Another Bad Land Deal

By Beacon Staff

On May 17, the Montana Land Board voted to give “preliminary approval” to a so-called “Montana Working Forests Acquisition.” This is former Plum Creek ground that the Nature Conservancy bought with the intent of selling it off to Montana as state trust lands.

On offer: 54,170 acres in four chunks, for $41 million ($757 per acre), using money won in the dam-site lawsuit against PPL Montana – “free money” that nonetheless hasn’t been collected yet. And … if it is, it will be collected from PPL customers one way or the other.

Even better, it appears the price is apparently a “discount.” The Forest Service paid $2,200 per acre (with your money) for its 112,000-acre share of the Montana Legacy Project. For the rest, 200,000 acres, TNC agreed to pay Plum Creek $240 million, averaging $1,200 per acre.

So, Montana’s getting discount ground using free money. What a deal, right?

First, let’s use a best case of what “Montana Working Forests” are really worth. Montana DNRC just put up a sale on a virgin section on Boorman Peak west of Kalispell surrounded by Plum Creek and Stoltze, all of which has been logged at least once. There were 581 acres offered, minus what looked like a trail/migration “corridor.” I walked it with some logger friends, nice wood on tough ground.

Charlie Parke (a Drummond logger with a share in Pyramid Lumber at Seeley Lake) bid $1.294 million, or $2,227 per acre in present cash-now value. If every tree was slicked off Boorman, the cash-now value per acre could be $4,500. But DNRC doesn’t do that, and I’m glad. Mr. Parke will also build roads for later management.

After Parke is done with Boorman, the land will have less cash value because of the wood removed and value captured for the trust beneficiaries. Let’s say we will rotate at 60 years half-and-half from here out. In 2040, DNRC will harvest the $2,227 worth of wood we left alone in 2010, while leaving the 2010 crop of new wood for harvest in 2070, leaving in turn the 2040 trees to grow until 2100.

Where does that leave us in terms of today’s dollars at six percent? The value of $2,227 in trees per acre in 2040 in cash today is $387.74, in 2070, $67.50. Taken together, the present value of Boorman after this harvest is $455 or so per acre.
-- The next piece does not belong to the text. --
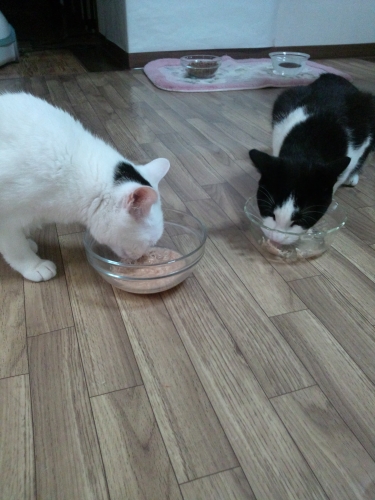 先日購入した会社のカップ入りのキャットフードは食いつきが悪かったのにねこ姫は2匹とも食いつき抜群デス1カップで2匹だいじょうぶかなと思ってたらとんでもないくろちゃんがあっという間に全部食べてしまいましたしろちゃんの分がなくなったので2個目をあけて食べさせています本当にあっというまにたいらげてしまいましたこんなに美味しそうに食べてるのを見るのはひさしぶりですよほど美味しかったのでしょう …続きを見る ['close']
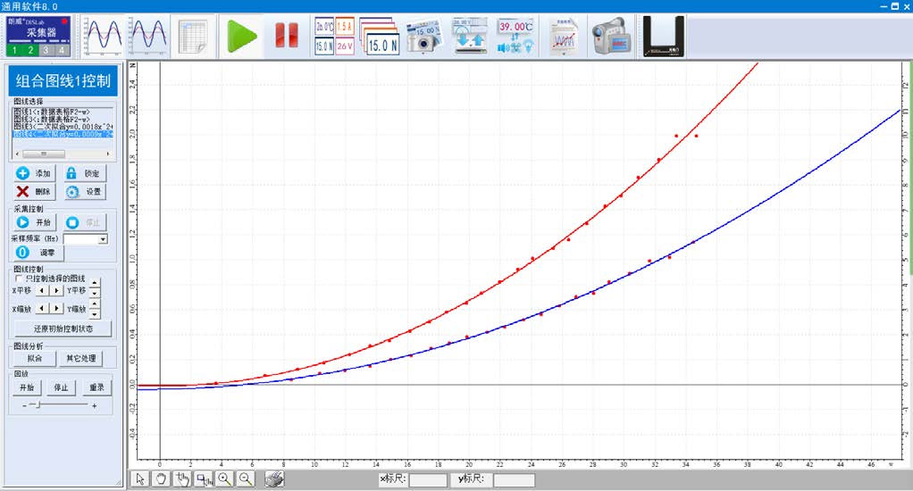 5 单击“绘图”,选取 x 轴为“ω”,y 轴为“F”,得到坐标系内的数据点,对数据点进行二次拟合,如图 36 – 10;

Mind you, this is for properly-harvested-for-sustained-yield DNRC land after a first cut. I’m not considering the risk of bugs or fire, either. I’m also being optimistic on future growth. Much of what is there is far older than 60 years, including the leave trees we’ll harvest in 2040.

Bottom line: If DNRC, or any investor, was buying Boorman after Mr. Parke’s crews are done, as an income-producer it is worth $455 an acre at most. The multiply-mowed Anaconda/Northern Pacific/Champion/PCL land that is now on offer to the Land Board is clearly worth less.

In comparison, Oregon just bought a new state forest near Gilchrist south of Bend on the east side of the Cascades, paying Fidelity Investments $15 million for 43,000 acres, $348 per acre. Sure, it was slicked off in the 1990s, but it’s replanted, flatter, more productive and easier to harvest when the day comes.

So, is paying $757 per acre a sensible decision for the Land Board? In terms of producing income commensurate to the money invested, no way. But in terms of bailing out the Nature Conservancy from under some badly overpriced real estate, it’s simply terrific.

DNRC’s current director, appointed by Gov. Brian Schweitzer, is Mary Sexton. Her previous employer was the Nature Conservancy. Someone should ask her who she really works for.

Here’s something else: After I read that the forestry-hating Swan View Coalition had the gall to sign up for Plum Creek Foundation’s employee matching grant program, I just had to look. SVC only got a hundred bucks through that program.

But guess who (in 2007 and 2008) got the largest foundation checks? The Montana Nature Conservancy, $50,000 each year, for the “MT Big Sky Campaign.” Someone should question the timing, amount, fiscal relationship, and what that “campaign” was really about.